**Exercise**
Each line below should be repeated exactly, but no picture should be carried over.

**Raw data**
--- START ---

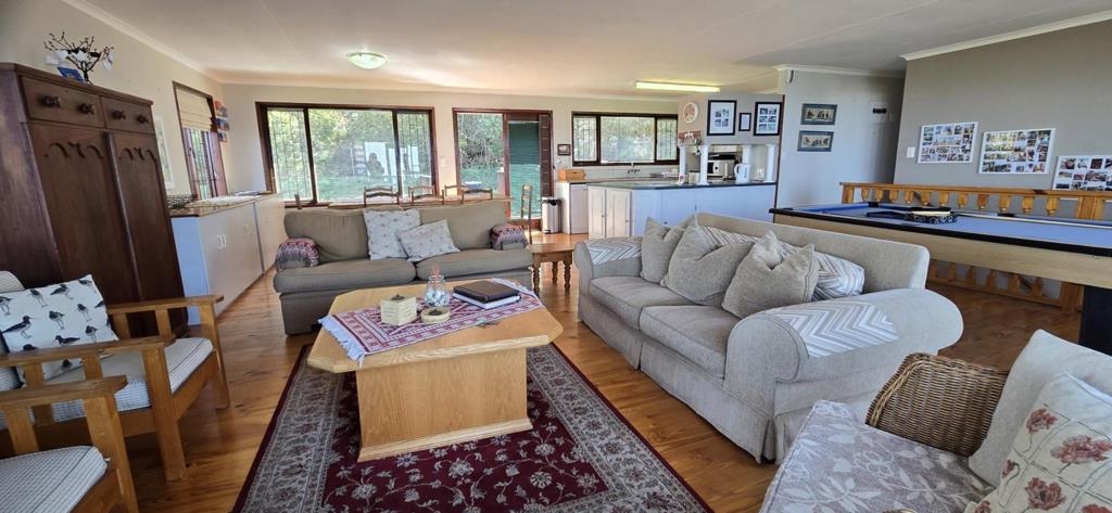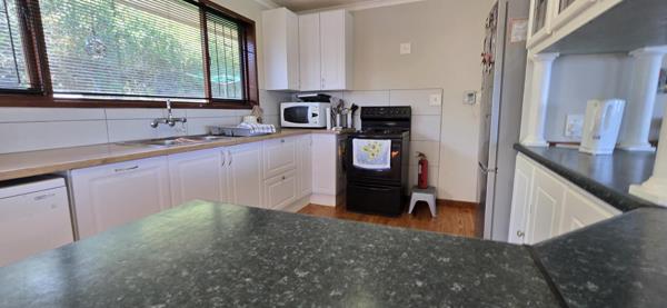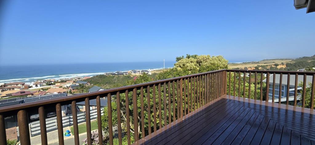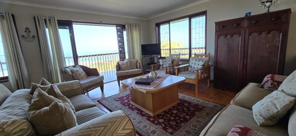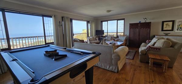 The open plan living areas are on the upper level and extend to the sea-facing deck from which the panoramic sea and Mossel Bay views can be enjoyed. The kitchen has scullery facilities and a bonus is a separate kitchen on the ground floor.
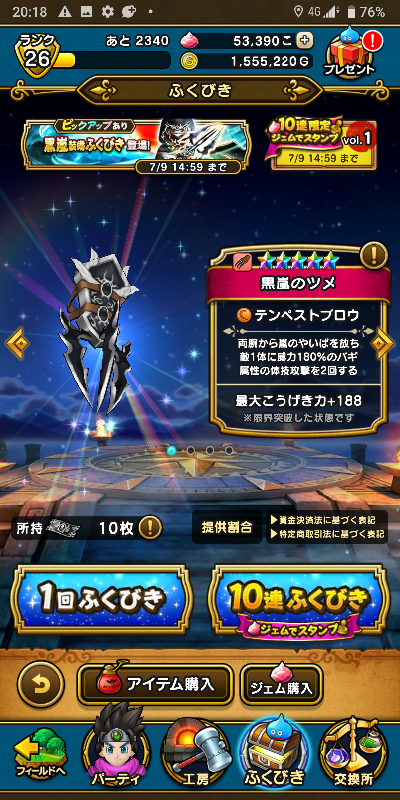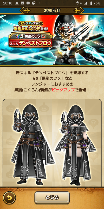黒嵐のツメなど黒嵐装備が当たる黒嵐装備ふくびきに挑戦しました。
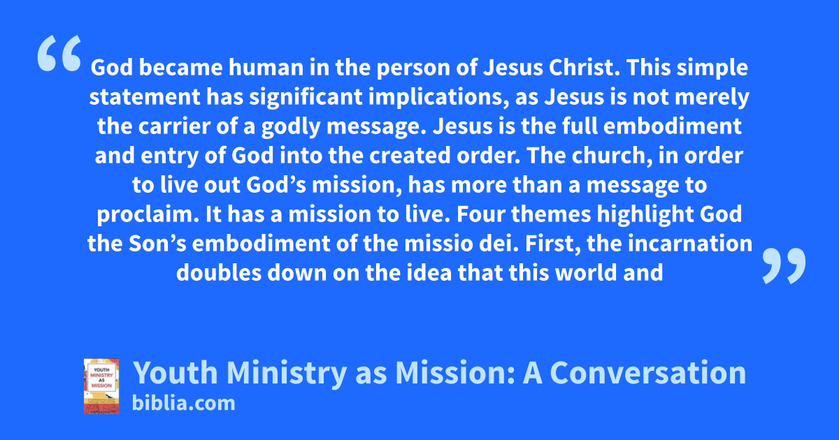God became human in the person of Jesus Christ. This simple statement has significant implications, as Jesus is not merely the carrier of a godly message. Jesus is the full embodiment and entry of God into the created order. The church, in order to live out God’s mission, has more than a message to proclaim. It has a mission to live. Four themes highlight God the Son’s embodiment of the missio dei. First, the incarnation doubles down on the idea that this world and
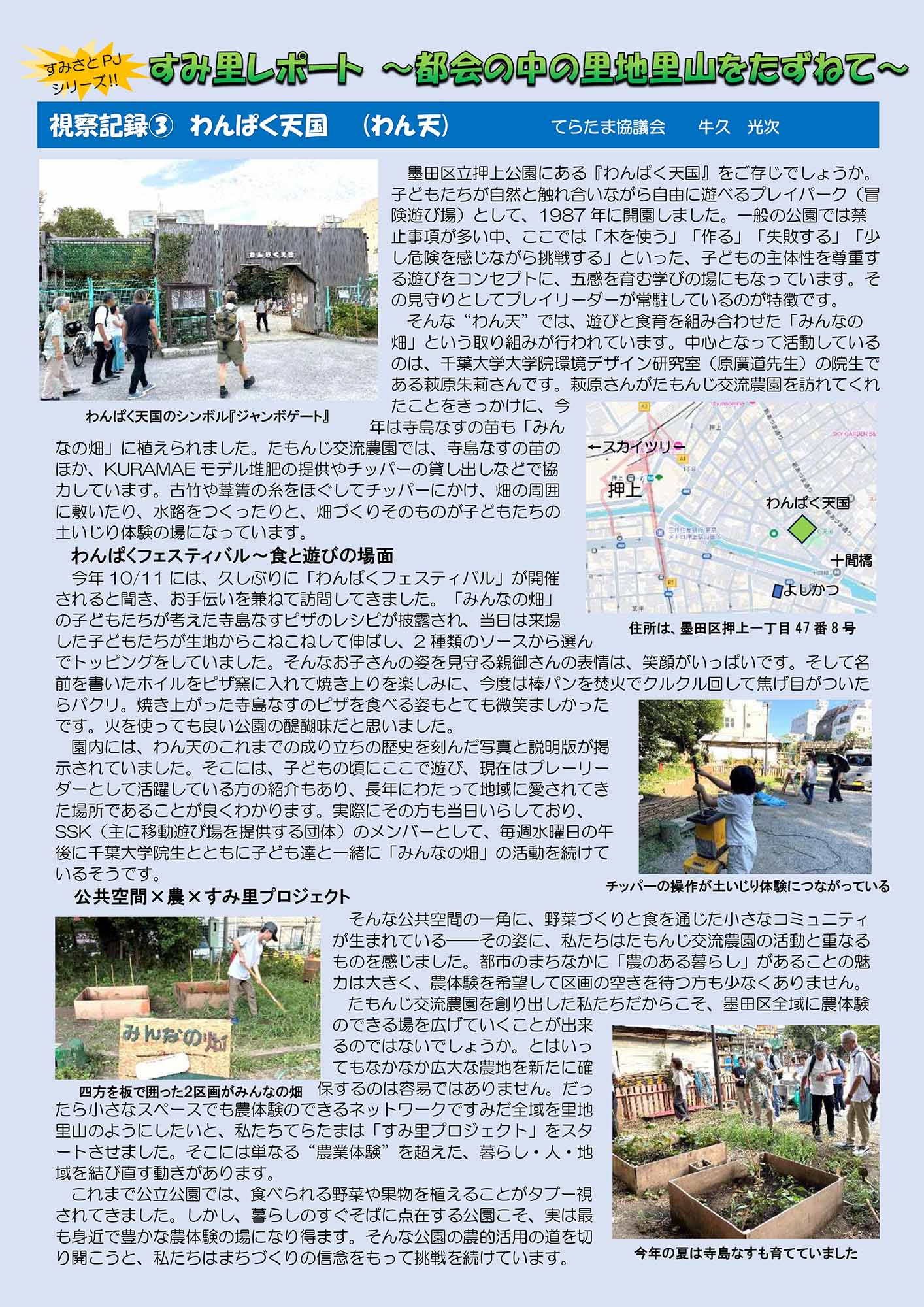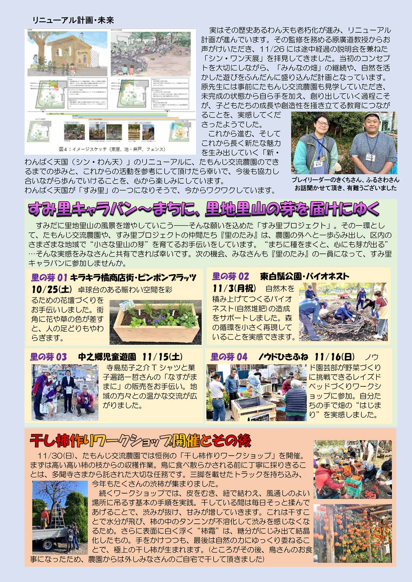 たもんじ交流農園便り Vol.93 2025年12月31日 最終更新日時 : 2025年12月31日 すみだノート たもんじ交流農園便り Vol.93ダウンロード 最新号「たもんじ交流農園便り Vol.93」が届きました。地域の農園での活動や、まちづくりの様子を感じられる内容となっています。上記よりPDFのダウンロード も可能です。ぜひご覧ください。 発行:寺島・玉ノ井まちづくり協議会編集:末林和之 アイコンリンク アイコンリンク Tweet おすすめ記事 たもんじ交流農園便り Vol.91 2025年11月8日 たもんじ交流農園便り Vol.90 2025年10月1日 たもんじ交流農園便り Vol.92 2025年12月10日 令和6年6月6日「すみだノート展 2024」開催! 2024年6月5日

--- END ---

**Output for this task**
 The open plan living areas are on the upper level and extend to the sea-facing deck from which the panoramic sea and Mossel Bay views can be enjoyed. The kitchen has scullery facilities and a bonus is a separate kitchen on the ground floor.
黒嵐のツメなど黒嵐装備が当たる黒嵐装備ふくびきに挑戦しました。
God became human in the person of Jesus Christ. This simple statement has significant implications, as Jesus is not merely the carrier of a godly message. Jesus is the full embodiment and entry of God into the created order. The church, in order to live out God’s mission, has more than a message to proclaim. It has a mission to live. Four themes highlight God the Son’s embodiment of the missio dei. First, the incarnation doubles down on the idea that this world and
 たもんじ交流農園便り Vol.93 2025年12月31日 最終更新日時 : 2025年12月31日 すみだノート たもんじ交流農園便り Vol.93ダウンロード 最新号「たもんじ交流農園便り Vol.93」が届きました。地域の農園での活動や、まちづくりの様子を感じられる内容となっています。上記よりPDFのダウンロード も可能です。ぜひご覧ください。 発行:寺島・玉ノ井まちづくり協議会編集:末林和之 アイコンリンク アイコンリンク Tweet おすすめ記事 たもんじ交流農園便り Vol.91 2025年11月8日 たもんじ交流農園便り Vol.90 2025年10月1日 たもんじ交流農園便り Vol.92 2025年12月10日 令和6年6月6日「すみだノート展 2024」開催! 2024年6月5日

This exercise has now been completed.